Abstract
Introduction
Extracorporeal shock wave lithotripsy (ESWL) is a noninvasive modality to treat urolithiasis, with complications including tissue damage and hematoma of kidney parenchyma. Anti-glomerular basement membrane (GBM) disease is suggested to be a rare complication of ESWL since it was reported in several cases to occur after ESWL. However, the clinical and immunological features of the ESWL-associated anti-GBM disease have not been fully investigated so far.
Case Presentation
Here, we present the clinical, pathological, and immunological characteristics of three patients with the post-ESWL anti-GBM disease in our hospital. Anti-GBM disease occurred within a median of 22 months after ESWL treatment. It presented with similar clinical features to the classic anti-GBM disease, including fever, gross hematuria, and rapidly progressive glomerulonephritis (RPGN) with poor renal prognosis. Sera from all patients recognized the α3(IV)NC1 in GBM, but with IgG2 and IgG4 as the dominant IgG subclasses.
Conclusion
Although further exploration is required to prove the causal relationship in this rare condition, our study reminds physicians that patients developing acute renal insufficiency after ESWL should lead to the suspicion of anti-GBM disease and in-time diagnosis and treatment.

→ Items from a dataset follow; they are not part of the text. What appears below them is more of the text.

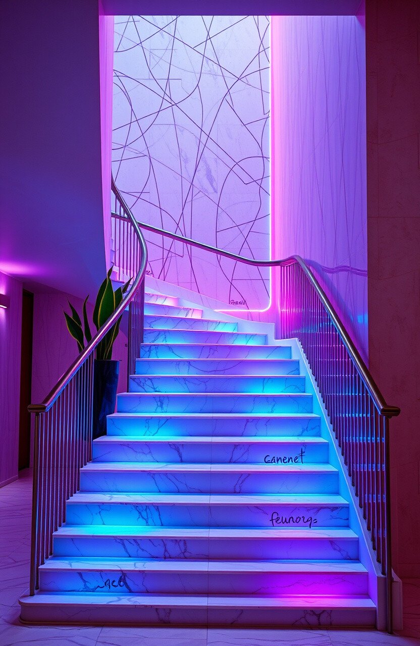 Neon lights can bring a bold and vibrant feel to your marble staircase. They offer a pop of color and a touch of retro fun.
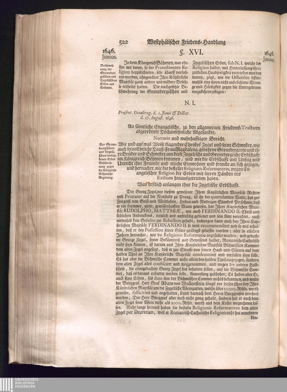 Dritter Theil (1735) Worinnen enthalten, was vom Monath April, biß zu Ende des Jahrs 1646. zwischen Jhro Römisch-Kayserlichen Majestät, dann den Beyden Cronen Franckreich und Schweden, ingleichen des Heiligen Römischen Reichs Chur Fürsten, Fürsten und Ständen, zu Oßnabrück und Münster gehandelt worden
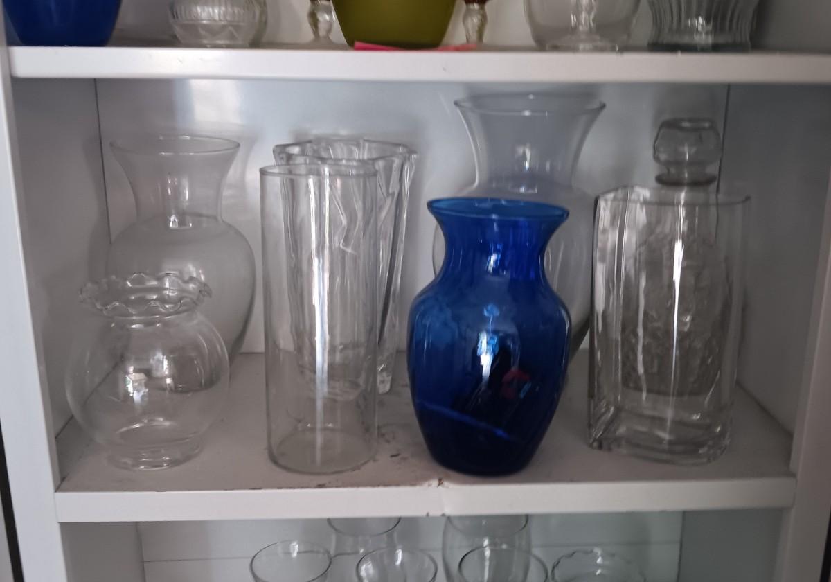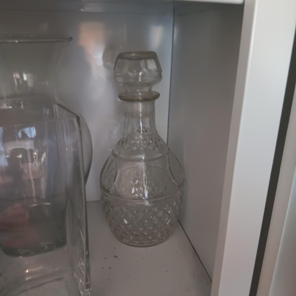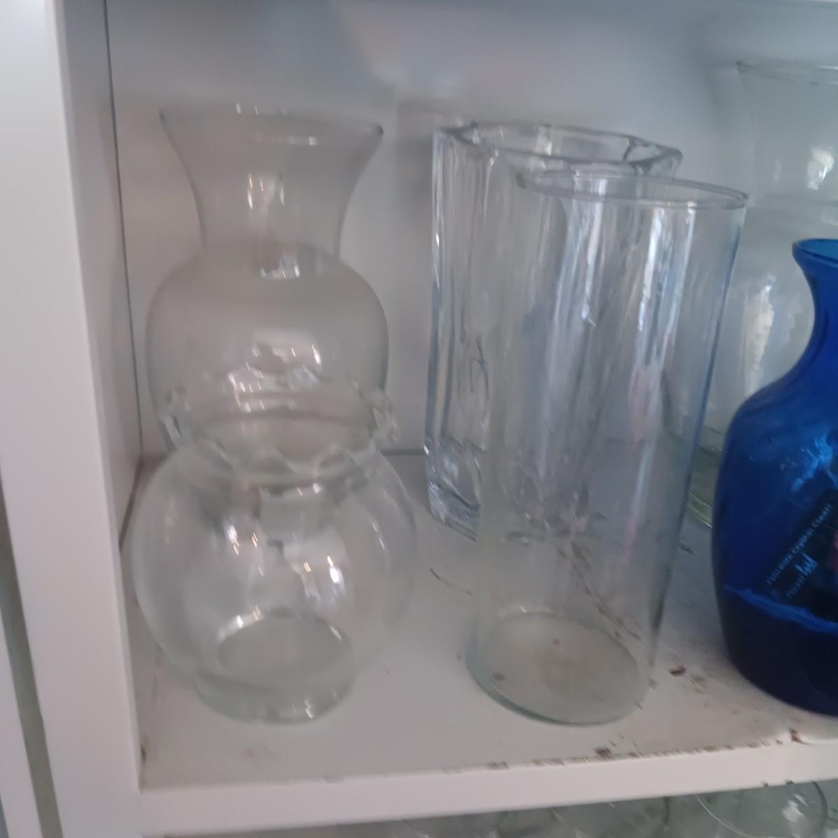 GLASS FLOWER VASES AND A DECANTER
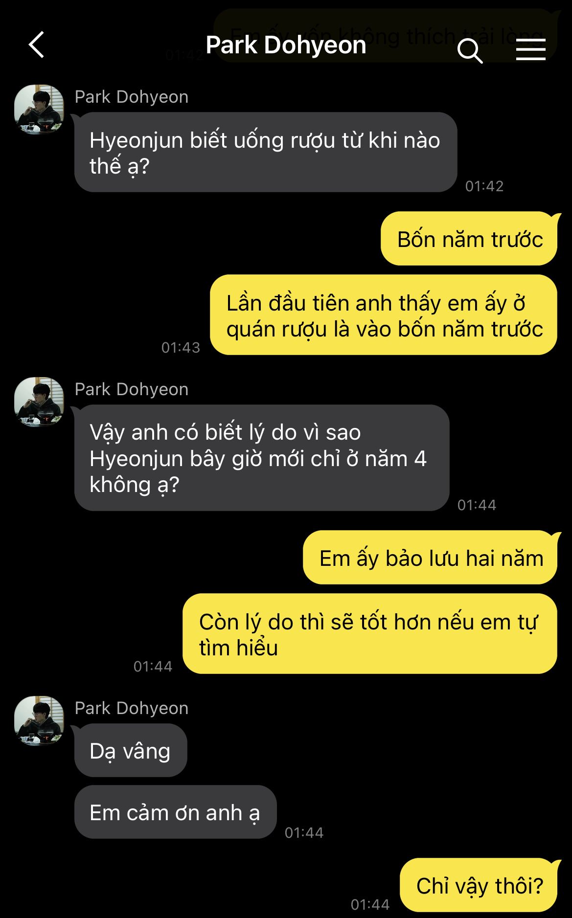Còn Hyeonjun... khoảnh khắc ấy, hơi thở trong lồng ngực cậu chợt nghẹn lại. Vẫn dáng người cao lớn với bờ vai rộng thẳng tắp, vẫn gương mặt góc cạnh đã khắc sâu trong trí nhớ cậu từ bốn năm về trước, và vẫn ánh mắt ấy - lạnh lùng, sắc lẹm như có thể xuyên thủng lớp vỏ yếu ớt mà cậu dựng nên. Trong thoáng chốc, tất cả như một cuốn phim cũ bị ai đó bất ngờ tua ngược, chiếu lại không bỏ sót khung hình nào.

Keywords: ESWL, lithotripsy, anti-glomerular basement membrane disease, antigen
Introduction
Anti-glomerular basement membrane (GBM) disease or Goodpasture (GP) disease is a rare but fulminant and fatal disorder. It is widely accepted as a prototypical autoimmune disease induced by autoantibodies targeting the glomerular and alveolar basement membrane [1,2]. The well-defined autoantigen is localized to the non-collagen domain (NC1) of the α3 chain of type IV collagen [α3(IV)NC1] in GBM [3]. In addition, the autoantibodies have been proven to recognize the other 4 α chains (α1, 2, 4, and 5) within type IV collagen [4,5]. Two conformational epitopes, EA and EB, were mapped inside α3(IV)NC1 [6] and sequestered within the GBM in healthy individuals [7]. It is still unknown how the immune tolerance would be breached and epitopes exposed. One of the accepted mechanisms is that factors such as smoking [8], hydrocarbon exposure [9], infection [10], or preceding glomerular diseases [11–13] would damage the basement membrane and unmask the epitopes [14]. Rare cases have been reported about anti-GBM diseases associated with urinary obstruction [15–18] or nephrectomy [19].
Extracorporeal shock wave lithotripsy (ESWL) is a common and noninvasive modality to treat urolithiasis, disintegrating stones by shock waves. Although generally safe [20], it could cause short-term complications as renal colic or obstruction by stone fragments, tissue damage or hematoma, and even temporary reduction of glomerular filtration rate [21]. Renal histopathological findings of human and animal models shortly after ESWL included focal damage to vascular endothelium, nephron, renal tubules, and interstitia [20,22–24]. In 1990, Guerin et al. first reported a 67-year-old male with rapidly progressive renal disfunction 7 months after ESWL. His serum anti-GBM antibody was positive, while the serum before ESWL was not [25]. Since then, there have been several case reports about the post-ESWL anti-GBM disease, proposing anti-GBM disease as a rare complication of ESWL [26–29]. However, the causal relationship between the two has not been elucidated yet, nor the antigen spectrum or IgG subclasses of the autoantibodies in this rare entity.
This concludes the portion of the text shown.